Learning that he used to be a soldier that was lucky to survive after a massive attack from his own commanding officers, who killed all his fellow troops and innocent civilians made it clear that it all had a toll on him.

That trauma had altered the way he sees anything or anyone, including any government, loyalists, or beliefs. This is especially apparent during his drive with Din, talking about the fact that the planet they are on still suffers colonialism, either under The Empire or The New Republic. Mayfeld even remarks that him and Din are not that alike, as they both need to bend their beliefs to survive.

That is where the title makes an impact. In typical Star Wars fashion, the title of each part of the franchise has multiple meanings besides the obvious. The Return of the Jedi signifies both the return of the Jedi Order in the form of Luke and the redemption of Anakin after defeating the Emperor. The Rise of Skywalker is both the turn of Kylo to Ben Solo and Rey's allegiance to the light side of the force. The Believer in that sense is for Din, Mayfeld, and even The Empire itself.

During this season, Din found his belief in the Mandalore to be challenged by multiple characters in the past seven episodes.

Cobb Vanth proved that an outsider using Mandalorian armour is not a sin, Bo-Katan revealed the fanatic ideas of his creed, Boba Fett presented the long historical inheritance that could be placed on a foundling. With Grogu by being a surrogate son to Din, it makes him willing to break rules, as he deems it important. In this case, revealing the handsome face of Pedro Pascal for more than a minute to actual people and not just droids.

Mayfeld questions the belief of Din's helmet, but also comes to question his own mortality, as we learn of the survivor's guilt he has bottled, along with his hidden hatred for The Empire. By the end of the episode, we see a different Mayfeld, someone who actually cares and acts on behalf of his own moral stance.

This season has managed to give a re-write to several characters to the best, not only from just the show but the franchise in general. Fennec, from being a one-off villain in the first season, has become a vital member of the gang; Cara Dune is an actual person now with more than two layers (one, hating the empire, two, being a good fighter) while Boba Fett is an actual badass with real motivation.

Mayfeld ends up falling into to the same category with the rest, but possibly with the most compelling backstory, added to an emotionally thrilling scene, reminiscent of Inglourious Bastards, with him, an unmasked Din, and imperial Valin Hess. Added to a surprisingly strong performance from Burr, you can not help but cheer his guns blazing action against The Empire.

Even The Empire falls into the allegory of the title, as Valin Hess, effectively played by character actor, Richard Brake, monologues about his idea of The Empire being a righteous regime, worthy of all the pain it has caused (and still inflicts).

Of course making the analogy between the Empire and the Third Reich, is nothing new, although Valin's words do sound loudly in today's age and the rise of far-right movements and fascistic ideals, something that The First Order has been compared to a lot of since the release of The Force Awakens.

The episode also had a short moment of glory towards the Empire as troopers and TIE fighters come to the rescue against pirates, that normally would be seen as the heroes in fighting off The Empire from the planet.

Even though with the unexpected narrative and deeper themes of the episode, there is one recurring element from last year's The Reckoning.

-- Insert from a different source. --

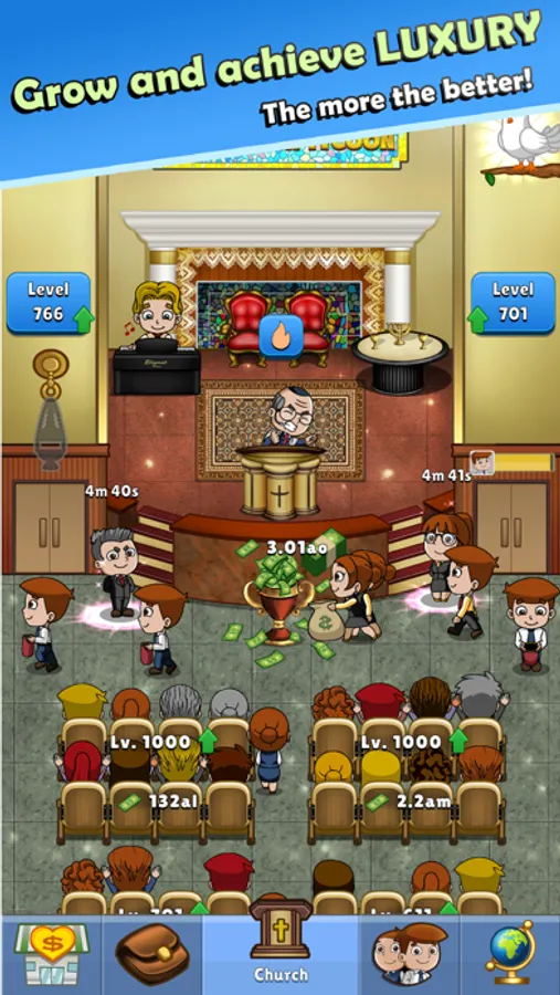 Church Tycoon is a casual church management simulator where the goal is to invest the profits from donations and increase your business to attract believers, create new churches and spread your message as far as possible. The best way to play this idle simulator is to find the best management strategy between each sector of the church, managing the pastors responsible for them and using their powers wisely to improve the flow of donation collection while creating new seats for the faithful. With the income you earn, you increase your church, create new temples and hire new pastors, bishops and even apostles! In addition, you will be able to upgrade your churches and multiply your income many times over! You will also make idle money every day to invest in your business. Use it well in your strategy! Enjoy your benefits as a church entrepreneur in this church simulator and make a lot of money while spreading your message of faith and love to the world of Church Tycoon!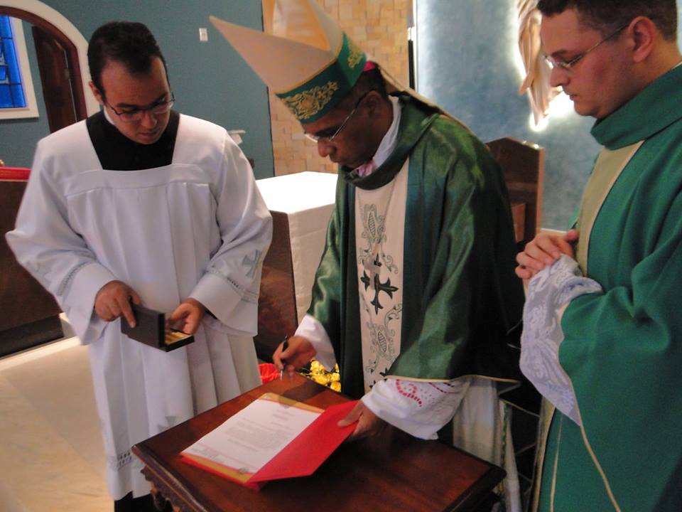 Seguindo a tradição, foi depositada, no altar, uma relíquia da beata Catarina Troiani, fundadora das Irmãs Franciscanas do Imaculado Coração de Maria, que trabalham em São Lourenço.

Din's final lines to Gideon echo and paraphrase those said by the Moff at the end of last year's penultimate episode.

The main changes see Din refer to Grogu as "him" instead of "it" showcasing the actual importance the child has to him, and the difference between the two foes as the Moff wants Grogu as nothing more than a tool, while Din wants him as his family.

The Believer ended up being a surprising episode, with an effective character progression for our lead and a side-character. We get more well-made action sequences and the inclusion of deeper themes for both the show and Star Wars in general. And of course, lets not forget Fett looking fresh with his newly polished and painted armour, along with the glorious return of his seismic charge (one of the few objectively awesome things from Attack of the Clones).